### [PROBLEM]
The result should hold only the lines from the one with "Trong buổi lễ" through the final line of the data below, transcribed exactly, pictures left out.

### [EXERCISE DATA]
——

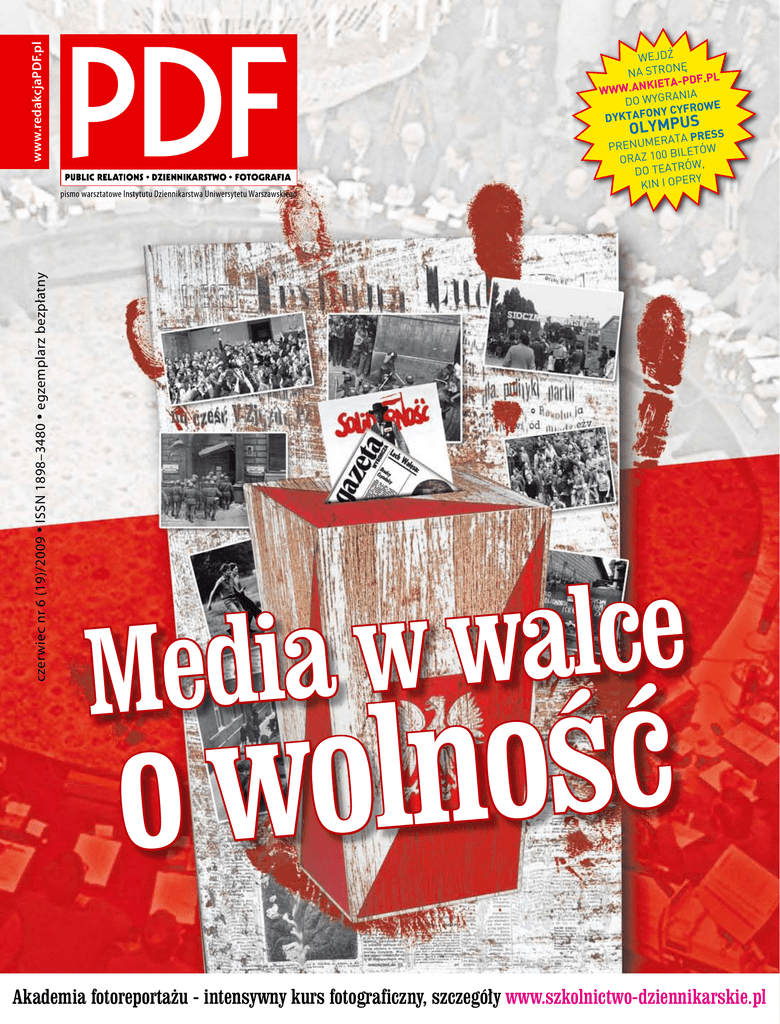 www.redakcjaPDF.pl Wejdź ę na stron f.pl kieta-pd www.an ania do wygr we ny cyfro dyktafo s Olympu a Press czerwiec nr 6 (19)/2009 • ISSN 1898–3480 • egzemplarz bezpłatny pismo warsztatowe Instytutu Dziennikarstwa Uniwersytetu Warszawskiego erat prenum biletów oraz 100 ów, do teatr ry kin i ope e c l a w w a i d e M ć ś o n l o ow Akademia fotoreportażu - intensywny kurs fotograficzny, szczegóły www.szkolnictwo-dziennikarskie.pl dziennikarstwo | Słowo / Obraz Naczelna strona Na wejściu Temat silnie uwarunkowany REDAKCJA redaktor naczelny: Zbigniew Żbikowski z-ca redaktora naczelnego Paweł H. Olek zespół redakcyjny: Emil Borzechowski, Tomasz Betka, Roksana Gowin, Magdalena Grzymkowska, Agnieszka Juskowiak, Marcin Kasprzak, Paweł Łysakiewicz, Iwona Pawlak, Joanna Maria Sawicka, Julian Tomala, Magdalena Wasyłeczko, Agnieszka Wójcińska, Wioletta Wysocka współpraca: Jan Brykczyński, Aleksandra Gałka, Tomasz Jelski, Łukasz Miedziejewski, Katarzyna Radziszewska, Aleksandra Solarska, Maria I. Szulc, Bartosz Zaborowski Były liczne plakaty z Garym Cooperem, niezliczone czarno-białe zdjęcia kandydatów strony opozycyjnej z Wałęsą, wiece, ulotki i agitki, ale niektórym najbardziej utkwiło w pamięci hasło: „Po raz pierwszy możesz wybrać – wybierz Solidarność”. Może dlatego, że stanowiło ono zastanawiający łącznik między starymi a nowymi laty i rodzaj proroctwa na przyszłość, aczkolwiek dość przewrotnego. Jest tu jakaś niedosłowna zbieżność z hasłem Forda z początku dwudziestego stulecia: „Możesz wybrać dowolny kolor, pod warunkiem, że to będzie kolor czarny”. Bo innych, poza czarnymi, Fordów T nie produkowano. Amerykanin, który nie chciał skorzystać z tego wyboru, mógł ewentualnie obyć się bez wozu. Tak samo w głębokim PRL-u: mogliśmy oddać głos na dowolną listę, pod warunkiem, że była to lista Frontu Jedności Narodu. Przed czerwcowymi wyborami 1989 r. „nasi” też dali nam możliwość wyboru, po to tylko, żeby ją w haśle zawęzić (choć zgoda – tu różnica – nie zamykając jej). Bo tylko wybór Solidarności dawał gwarancję, że coś się radykalnie w „tym kraju” zmieni. A zmian chcieli, jak się okazało, nawet zwolennicy PZPR. I się zmieniło. Choć nie do końca. Monopolu na władzę nie udało się utrzymać żadnej opcji politycznej, ale ile czasu musiało upłynąć i ile walk trzeba było stoczyć w mediach i w parlamencie, zanim zaczęły się kruszyć inne monopole. Przed pozornymi wyborami długo stawiały obywateli takie, mające korzenie w PRL, instytucje, jak TP SA (telefon stacjonarny), ZUS (emerytury), PKP (podróż koleją), armia („Możecie służyć w dowolnie wybranej formacji i ja wam mówię, że to będzie piechota”) i wiele innych. Co prawda więcej niż jednej armii w państwie nie będzie, ale dziś młodzież ma przynajmniej rzeczywisty wybór: może iść do woja albo nie iść. A wszystko dlatego, że wtedy jako elektorat zgodziliśmy się, mając wybór, ograniczyć go do Solidarności. Także my, w redakcji „PDF”, szukając motywu na czerwiec, postawiliśmy siebie przed podobnym wyborem: może to być każdy temat, pod warunkiem, że będzie to temat o wyborach’89. W rezultacie także czytelników postawiliśmy przed alternatywą: możecie poczytać o wszystkim, pod warunkiem, że będzie to tekst o tym, co się działo dwadzieścia lat temu. A gdyby ktoś w tym momencie chciał odłożyć czasopismo, spieszymy ze sprostowaniem: spokojnie, piszemy też o epidemii świńskiej grypy, jaka przetoczyła się przez media, o tym, co piszczy w pi-arze i w Internecie, i w innej cyberprzestrzeni. Żeby był wybór. Zgodnie z hasłem: jak możesz wybrać, wybierz „PDF”. Najlepiej cały. Zbigniew Żbikowski stały felieton: Andrzej Zygmuntowicz korekta: Joanna Maria Sawicka WYDAWCA: Instytut Dziennikarstwa Uniwersytetu Warszawskiego koordynator wydawcy: Grażyna Oblas druk: Polskapresse Sp. z o.o. nakład: 10 tys. egz. adres redakcji: PDF pismo warsztatowe Instytutu Dziennikarstwa UW ul. Nowy Świat 69, pok. 51 (IV piętro), 00–046 Warszawa, tel. 022 5520293, e–mail: [email protected] Więcej tekstów w portalu internetowym: www.redakcjaPDF.pl współpraca z serwisem foto: stała współpraca: Piszesz, fotografujesz, interesujesz się PR? Szukamy współpracowników. Kolegia redakcyjne, każda środa godz. 20:00 Instytut Dziennikarstwa UW, sala 27 | 02 | Kurs „Prawo prasowe w praktyce” - charakterystyka prawa prasowego z punktu widzenia dziennikarza oraz osób odpowiedzialnych za kontakty z dziennikarzami. - wprowadzenie do zagadnienia prawa prasowego – uwarunkowania prawne. fot. Jerzy Undro / PAP projekt graficzny, okładka i skład DTP: Karol Grzywaczewski / [email protected] termin: 26 czerwca 2009 roku szczegóły i zapisy: www.szkolnictwo-dziennikarskie.pl reklama Goleniów (woj. zachodniopomorskie), 13 maja 2009 roku. Chorąży Maciej Wesołek z żoną Beatą i córkami Kingą i Gabrysią podczas powitania na lotnisku. Na lotnisku w podszczecińskim Goleniowie wylądował samolot ze 138 żołnierzami na pokładzie. Ostatnia grupa żołnierzy IV zmiany Polskiego Kontyngentu Wojskowego w Afganistanie wróciła do kraju. Na lotnisku witali ich najbliżsi. Akademia fotoreportażu pod kierunkiem Andrzeja Zygmuntowicza • intensywny kurs fotograficzny • atrakcyjny program zajęć • profesjonalna kadra • teoria i praktyka • zajęcia w soboty i niedziele Od października 2009 do lutego 2010 roku Informacje i zapisy: www.szkolnictwo-dziennikarskie.pl tel. (22) 55 20 293, 0 502 825 492 Nasi odważni żołnierze | Piotr Malinowski, Polska Agencja Prasowa | Marcin Kołodziejczyk, reporter „Polityki” Słowo fotografa Obraz tekściarza Przekaz medialny zdominowany jest przez obrazy wojen, katakli‑ zmów czy zbrodni. Rzadkością są zdjęcia takie, jak te prezentowane powyżej. Wyobraźcie sobie, jakie fotografie pojawiłyby się w obi
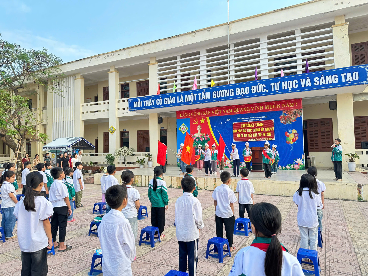 Trong buổi lễ phát động Ngày Pháp luật nước CHXHCN Việt Nam năm nay, cô giáo Nguyễn Thị Hồng Nga - Hiệu trưởng
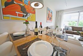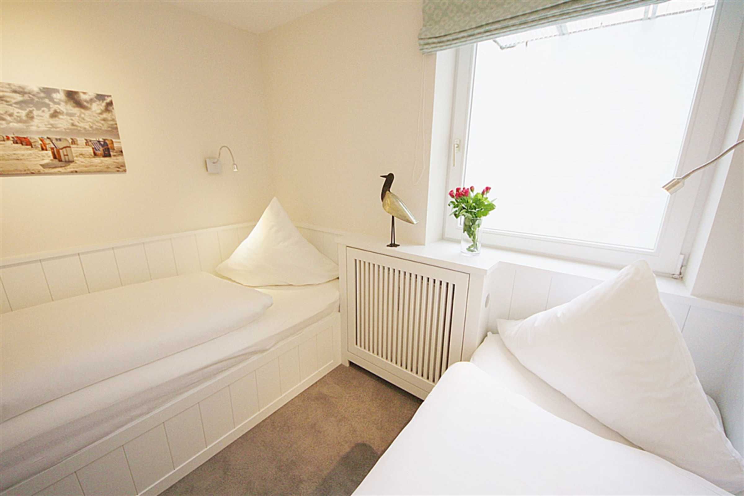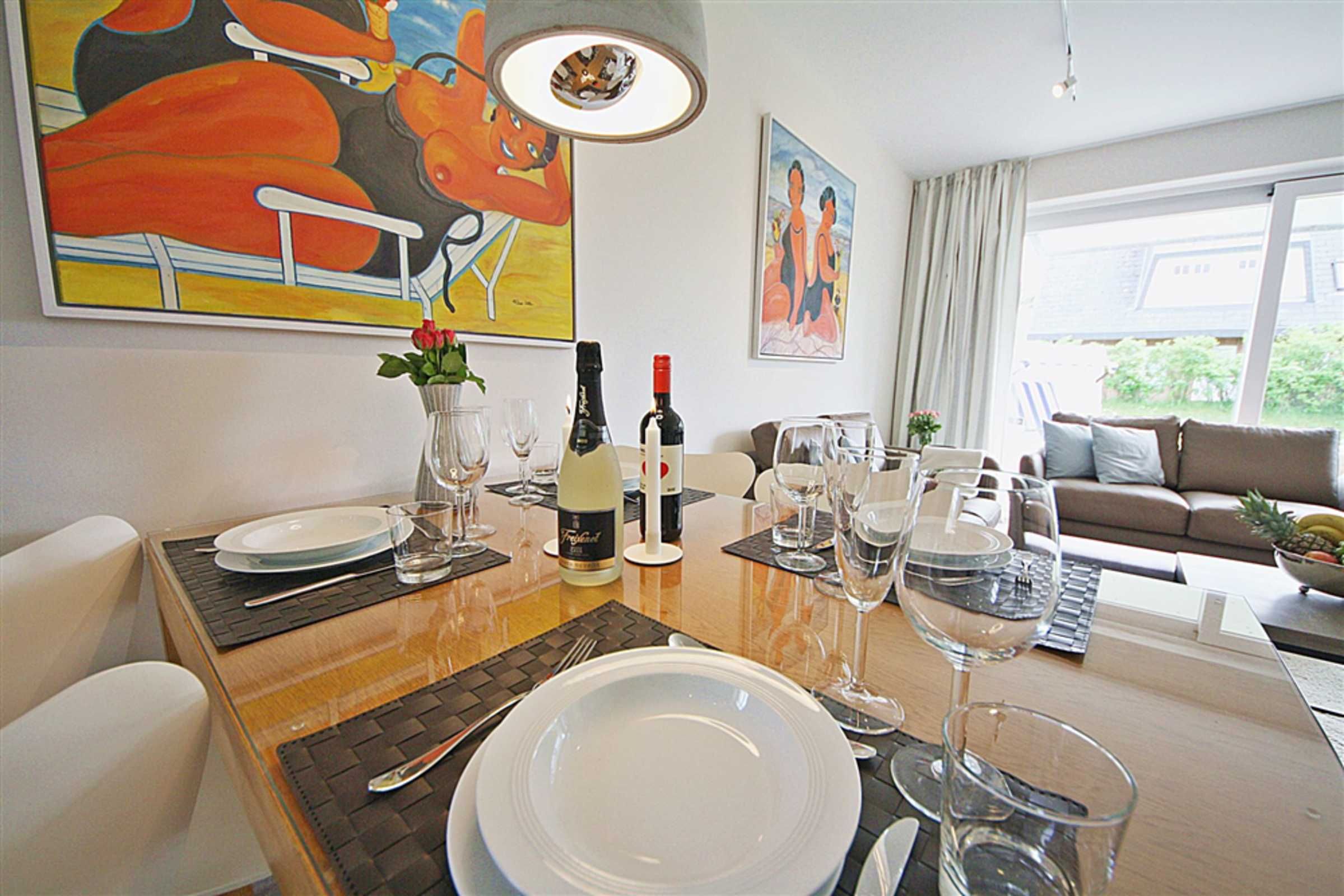 Diese wunderschöne, sonnendurchflutete Wohnung verteilt sich über 2 Etagen und lädt zum entspannten Urlauben ein. Im großzügigen und freundlich gestalteten Wohnraum werden Sie sich wohlfühlen. Die offene Küche lässt das Herz der Hobbyköche unter Ihnen höher schlagen. Behaglich relaxen können Sie in den zwei gemütlichen Schlafzimmern im Untergeschoss. Im EG befindet sich ein Gäste WC, im Untergeschoss erwartet Sie Ihr neues Duschbad. Die nach Süden ausgerichtete Terrasse mit anschließendem großen Garten lädt mit Strandkorb und Gartenmöbeln zum Verweilen ein.

——

### [PROBLEM SOLUTION]
 Trong buổi lễ phát động Ngày Pháp luật nước CHXHCN Việt Nam năm nay, cô giáo Nguyễn Thị Hồng Nga - Hiệu trưởng
 Diese wunderschöne, sonnendurchflutete Wohnung verteilt sich über 2 Etagen und lädt zum entspannten Urlauben ein. Im großzügigen und freundlich gestalteten Wohnraum werden Sie sich wohlfühlen. Die offene Küche lässt das Herz der Hobbyköche unter Ihnen höher schlagen. Behaglich relaxen können Sie in den zwei gemütlichen Schlafzimmern im Untergeschoss. Im EG befindet sich ein Gäste WC, im Untergeschoss erwartet Sie Ihr neues Duschbad. Die nach Süden ausgerichtete Terrasse mit anschließendem großen Garten lädt mit Strandkorb und Gartenmöbeln zum Verweilen ein.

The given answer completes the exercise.